Ch. Douglas. Suprematist Embroided Ornament. The Art Journal. Spring, 1995. Fig. 9. P. 45 (ил.).
Сертификаты: А. Наков, Париж
Е. Баснер (Русский музей, СПб.)
Техническая экспертиза: Х. Егерс, Германия
Провенанс:
семья Е. Я. Яковлевой
Биографическая справка
Яковлева, Евгения Яковлевна
Р. в 1897 г. в Армавире.
Умерла в 1938 г. в Ленинграде (репрессирована).
Училась в школе рисования ОПХ в 1920 г. у Билибина и Химона.
В 1930 г. работала с Малевичем.
Участница выставок в 1932 г. в Ленинграде.
Среди работ — серии пейзажей Баку, Крыма, Ленинграда.

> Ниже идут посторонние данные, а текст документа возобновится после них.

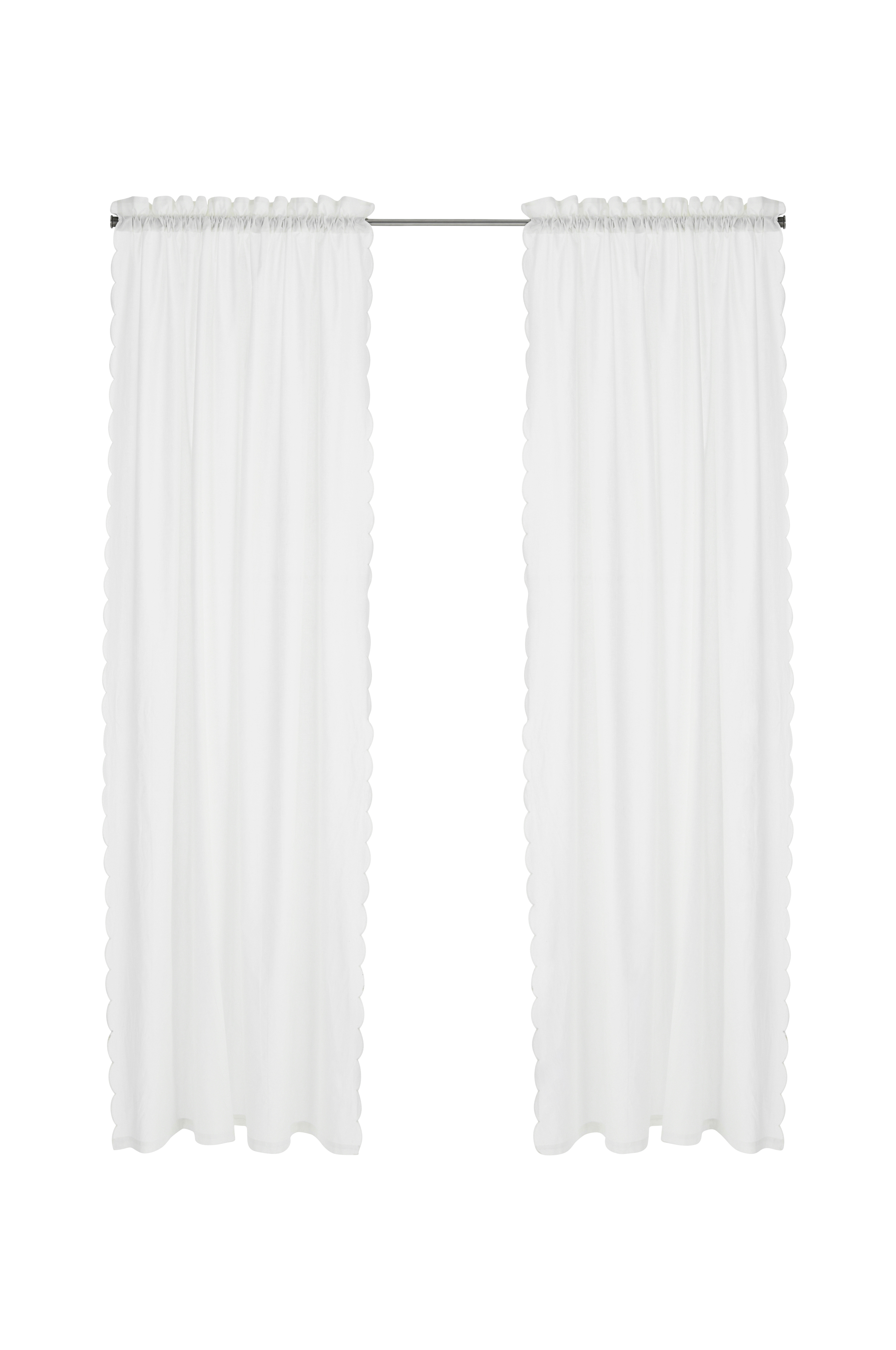 To gardinlengder med kanal / løpegang i bomull. Bølgeformede kanter på sidene med overlocksøm. Sydd løpegang øverst.

Работала в области текстиля.
…
Я не спорю, что это Малевич. Я не понимаю, почему изменили данные.
Этот разговор происходил на странице Юрия Носова 26 января 2018 года. И на тот момент, как видит читатель, мне самому ничего не было до конца ясно. Я очень высоко ценю сведения, получаемые нами от органов чувств и собственной памяти, но при этом понимаю, что лишь объективные факты на уровне независимого документа и безупречного свидетельства являются доказательствами. А без доказательств нет никакого смысла высовываться со своими жалкими сомнениями.

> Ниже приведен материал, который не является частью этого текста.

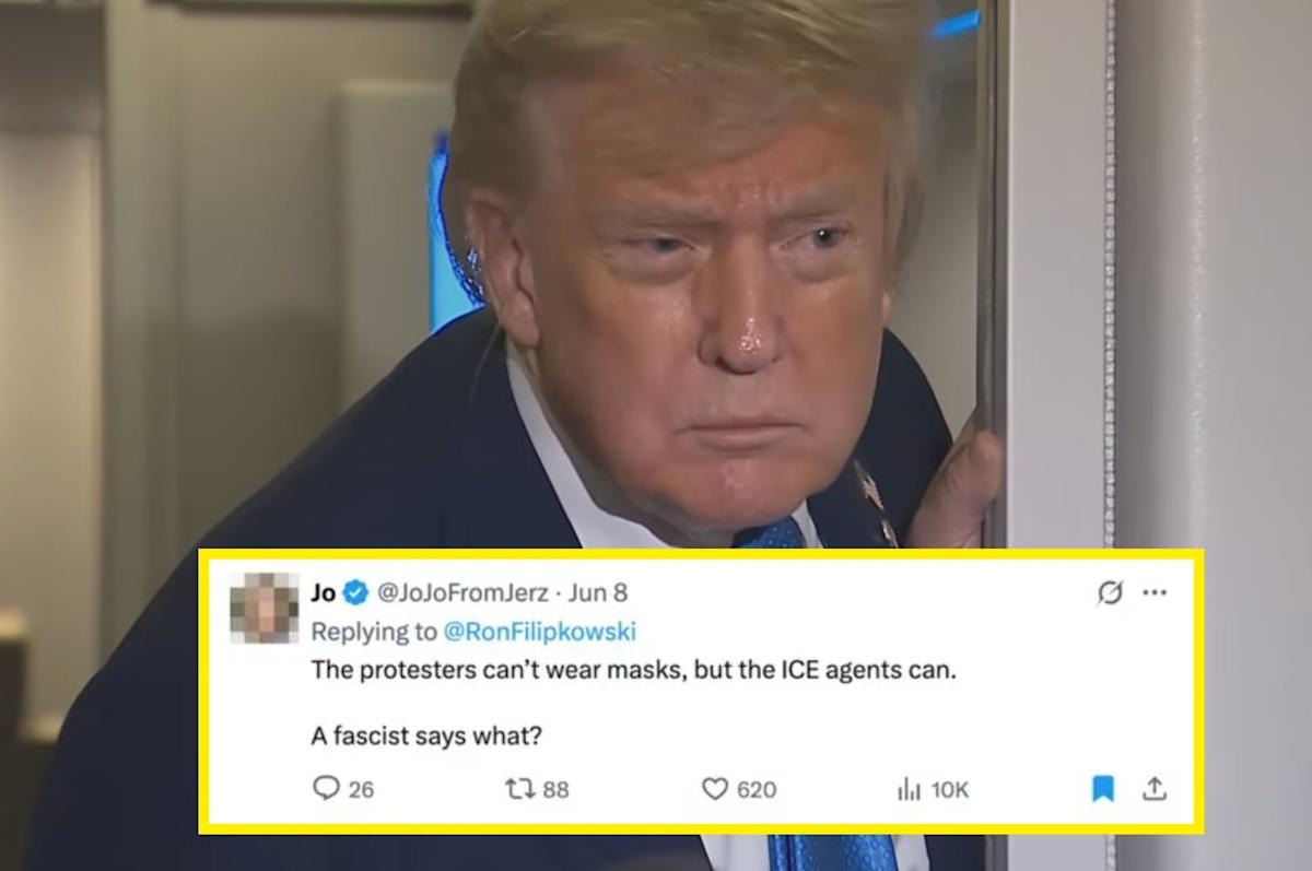 أجاب هذا الشخص على تعليق ترامب بأن المتظاهرين لديهم شيء “يختبئهم” خلف الأقنعة ويسألون: “لماذا لا تسأل وكلاء الجليد المقنعين الذين هم أيضًا في ملابس واضحة ويفشلون في التعرف على أنفسهم؟”

Кстати, рискуя свободой, кошельком и репутацией, я все же попытался отчасти повторить подвиг отважного рядового Александра Бренера, нарисовавшего на голландском беспредметном Малевиче большой зеленый знак доллара. Я попробовал залезть Яковлевой «под юбку», чтобы поглядеть на оборот картины, тем более что сама выставка была организована, можно сказать, «en sous-vetements»[78] у колхозницы на ВДНХ. Просто, шалея от собственной наглости и дерзости, самоуверенно подошел к портрету и приподнял его снизу, силясь взглянуть на оборотную сторону. Слава богу, работа не упала. Сигнализация предательски промолчала, обалдевшие смотрители метнулись было за околоточным, но попытки мои были тщетны. С тыльной стороны картина была наглухо задраена плотным листом картона. Взрывать ее надо было только изнутри.

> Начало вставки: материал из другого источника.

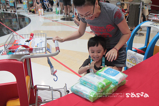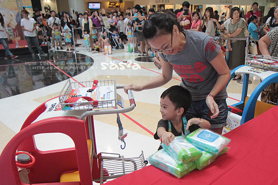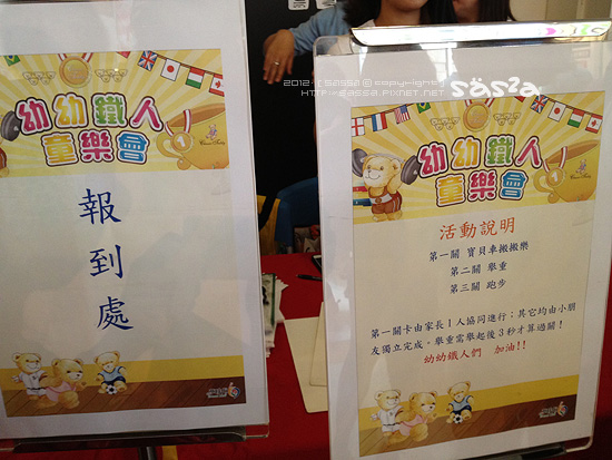 喔!講到這裡都是在講媽媽心情,沒介紹活動!!!這個活動很簡單,幼幼們需要過三個關卡,第一關:寶貝車搬搬樂,第二關:舉重,第三關:跑步。第一關由一位家長陪同幼幼一起推著寶貝車由幼幼搬濕紙巾上車回到起點,接著到第二關舉重三秒後,即可到達第三關奔跑至終點,即可完成!完成後每人可獲得證書。首先必須穿上主辦單位發的制服,噗!泳衣外穿!其實幼幼們一起醬子穿就一點都不奇怪反而很好看,哈哈哈!!

Намаявшись без толку в суматошной столице, воротившись в Петербург и с грустью задумавшись о превратностях человеческой судьбы, я пришел к выводу, что вполне могу потратить какое-то время, чтобы попытаться выяснить истину хотя бы для самого себя. Сплошь и рядом бывает, что самоуверенная обывательская очевидность при детальном рассмотрении выворачивается наизнанку и предстает совсем в другом, отрезвляющем обличье. Ответить на вопросы и снять накопившиеся недоумения могли только документы. При их наличии, разумеется. Кроме того, я ни на минуту не забывал нашу поездку на Карельский перешеек с Соломоном Шустером и поставленные тогда вопросы, так и оставшиеся без вразумительных ответов. А долги надо отдавать всегда. Особенно врагам и мертвым друзьям.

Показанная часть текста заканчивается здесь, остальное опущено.